11697
galatasaray'ın tarihine, armasına, renklerine aşık olan biz taraftarlar tarafından kullanılan güzide sözlüğümüzdür. altını çizemediğim ama tırnak (") işareti kullanarak söyleyeceğim söz şu: "biz galatasaraylılar" tekrardan bahsetmek gerekirse: "aynı takımın taraftarları" farklı bir versiyonda: "aynı safta askerlik yapanlar" grubunda oluyoruz. ama her ne hikmetse bir türlü anlaşamıyoruz. bir türlü ortak noktayı bulamıyoruz. bir türlü huzur bulamıyoruz. her zaman tartışma, her zaman kavga ile vakit harcamaya çalışıyoruz. uzun bir paragraf yazmak yerine tane tane örneklerle açıklamak gerekirse;
1- teknik direktör tartışmaları:
1996-2000 yılları arasında fatih terim’i herkes çok severdi. galatasaray taraftarı, tabir-i caizse tapardı. bu dönemde linç kültürü yoktu.
2002-2004 yılları arasında seveni de oldu sevmeyeni de. seven bir insan geçmişteki başarılarından dolayı sevdi. sevmeyen insan ise son dönemlerdeki başarısızlığından dolayı sevmedi. ama bu dönemde sevene de, sevmeyene de linç yapılmadı.

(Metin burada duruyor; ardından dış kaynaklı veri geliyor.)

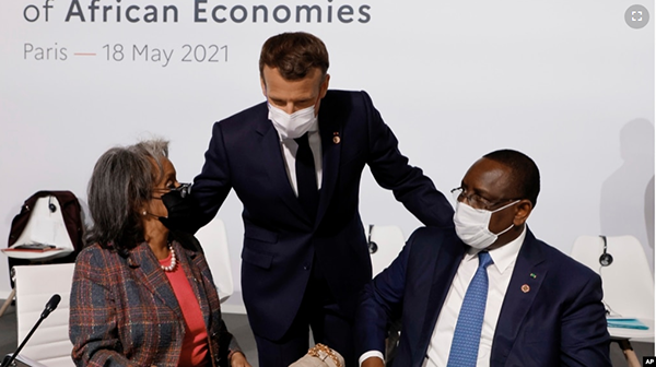 资料照:2021年5月18日,在巴黎举行的非洲经济体融资峰会上,法国总统马克龙(中)向埃塞俄比亚总统萨赫勒-沃克·祖德(左)和塞内加尔总统麦基·萨勒致敬。 在布鲁塞尔举行的为期两天的峰会... |

2011-2013 yılları arasında çok başarılı oldu. sevmeyenler, genellikle sürekli gidip gelmesinden dolayı sevmiyordu. seven insan ise doğal olarak başarılarından dolayı seviyordu. ama bu dönemde inanılmaz bir şekilde linç kültürü vardı. sevmeyen insanlar’a saygı duyulmuyordu. illa ki sevecektin.
2013-2016 yılları arasında çok şey değişti. çünkü “düşman” diye addedilen adam yani yıldırım demirören ile anlaşıp milli takımın başına geçti. bu dönemde sevmeyen insanlar geçmişte yaşadığı linçten dolayı intikam alıp seven insanlar’a hücum ettiler. çünkü pratikte onlar haklı görünüyordu. yani bu dönemde seven insanlar’a saygı duyulmuyordu. illa ki nefret edecektin.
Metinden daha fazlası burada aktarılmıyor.